Leasing's expansion into more mainstream segments also can cultivate loyal customers who can move up into higher-priced vehicles for their future purchases, said Kevin Tynan, an auto analyst for Bloomberg Industries in Skillman, N.J.
"It does create move-ups," he said. "Instead of being in a compact car and having to lease, you'll get people up from compact cars into mid-size cars by being aggressive there."
Buyers are showing "growing acceptance" of leasing in more segments, including mid-sized cars, said Bill Fay, a Toyota group vice president. The prices paid for Toyota's vehicles at the end of their lease, known as resale or residual values, tend to rank among the highest in the industry.
"We're going to leverage a good position we have from resale values to use that as an advantage," Fay said in a phone interview. "It allows us to offer very competitive monthly payments."
The ability to offer Camry at cheaper monthly rates is crucial as Toyota tries to stem declining demand for the car in the year's first half. Camry deliveries slipped 2.9 percent to 207,626, according to the Automotive News Data Center.
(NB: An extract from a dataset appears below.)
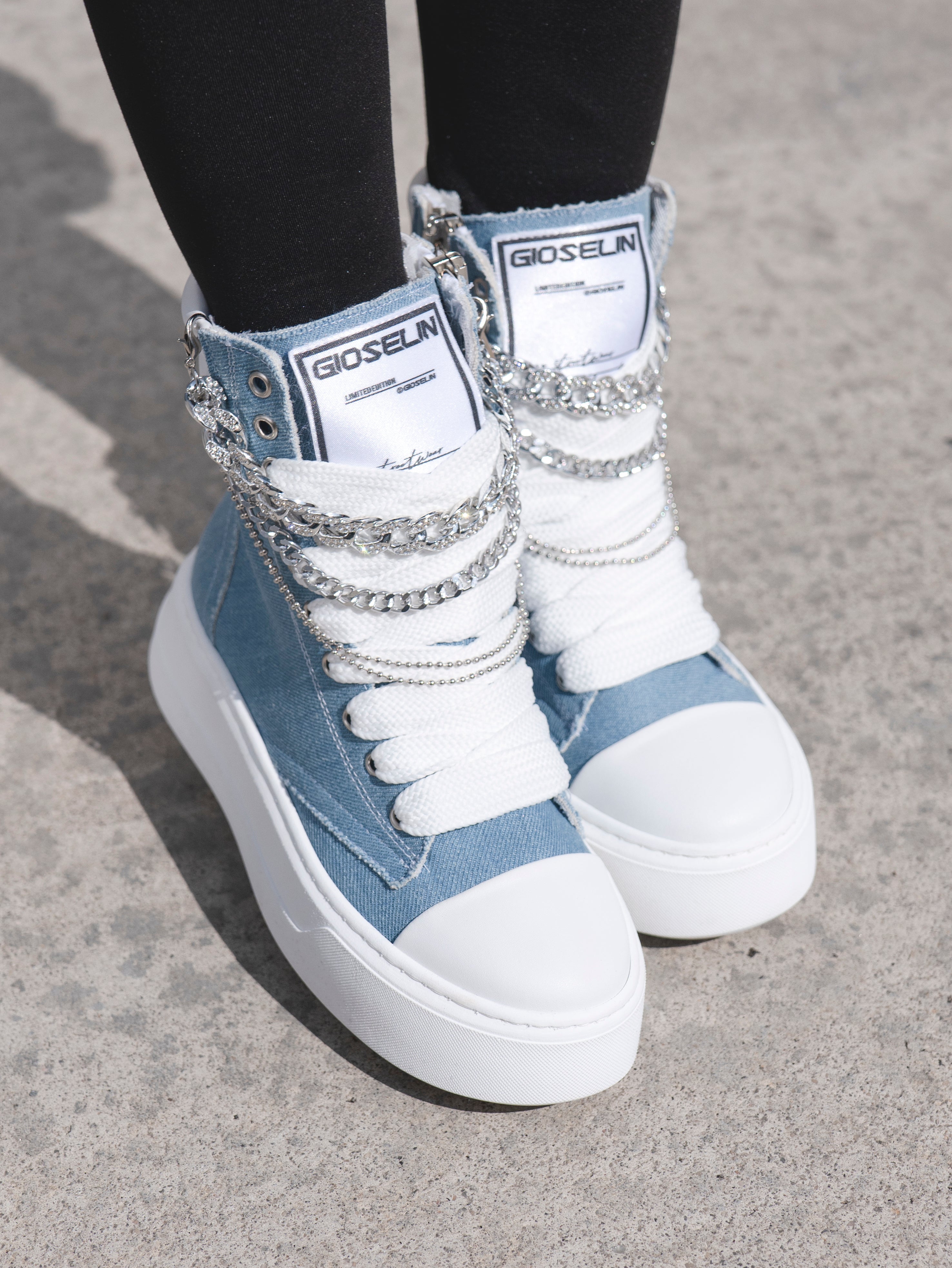 Made of fine denim, a material that symbolizes freedom and personality, the model is embellished with the unmistakable removable necklace-effect accessory : a golden chain with bright crystals that wraps around the leg and gives a touch of luxury in full Gioselin style. A detail that transforms the boot from streetwear to a true fashion statement.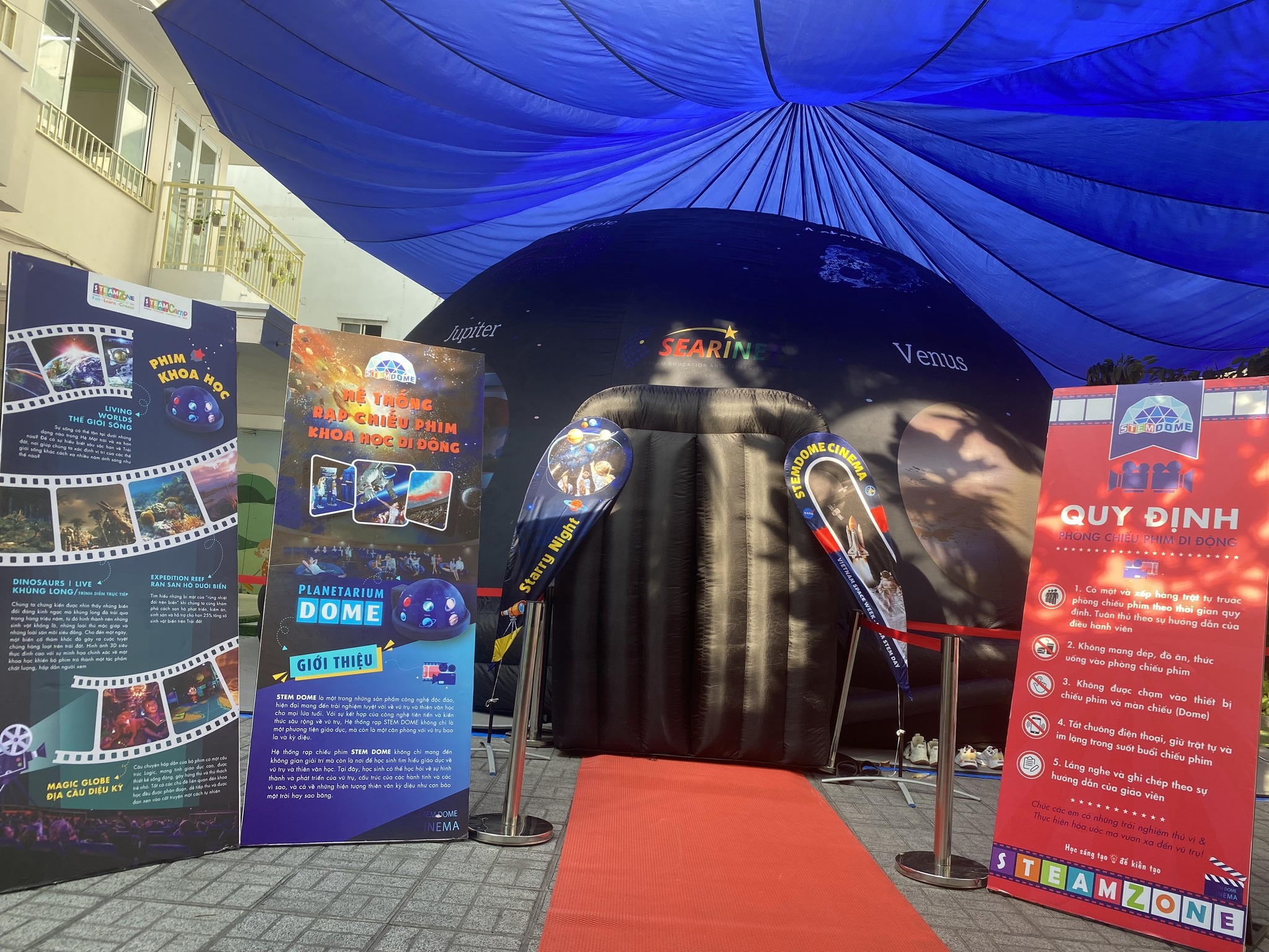 STEM DOME là một hệ thống rạp chiếu phim khoa học di động, được thiết kế như một mái vòm khổng lồ có thể chứa nhiều trẻ em bên trong. Khi bước vào STEM DOME, các em sẽ được đắm mình trong những bộ phim khoa học với màn hình cầu khổng lồ, mang lại cảm giác sống động như thật. Những bộ phim này được chọn lọc kỹ lưỡng, bao gồm các chủ đề về vũ trụ, thiên văn học, công nghệ và sinh động vật , giúp các em mở rộng kiến thức và kích thích sự tò mò khám phá thế giới xung quanh.

Competitors, including Ford, Honda and Nissan Motor Co., are closing in on Camry, the top-selling car in the United States for the past 11 years. A 20 percent surge in Honda's Accord deliveries during the first half cut its sales deficit to Camry by 65 percent from a year earlier, to less than 21,000.
The Altima, one of seven models that Nissan lowered prices on beginning in May, has trimmed its shortfall to Camry by 30 percent, to about 40,000. And Ford has pared Camry's lead on its Fusion by 40 percent, to less than 47,000.
All four automakers probably will post increased July sales across their respective lineups. Ford may report a 17 percent gain, the average of nine estimates. Deliveries probably will rise 17 percent for Toyota, 16 percent for Honda and 13 percent for Nissan, each the average of seven estimates.
The analysts' average estimate for Honda sales is in line with the forecast John Mendel, the company's U.S. executive vice president, gave in a telephone interview. Deliveries will be up 16 percent to 18 percent for the Honda brand and 6 percent to 7 percent for Acura, he said.
Leasing is "a way to reach consumers that were risk-averse and hesitant to jump out there and buy a new car," Alec Gutierrez, an auto analyst with Kelley Blue Book, said in a telephone interview. The leasing rate for Camry rose to about one-fourth of sales in each month early in 2013, from 20 percent or less a year earlier, according to the researcher's data.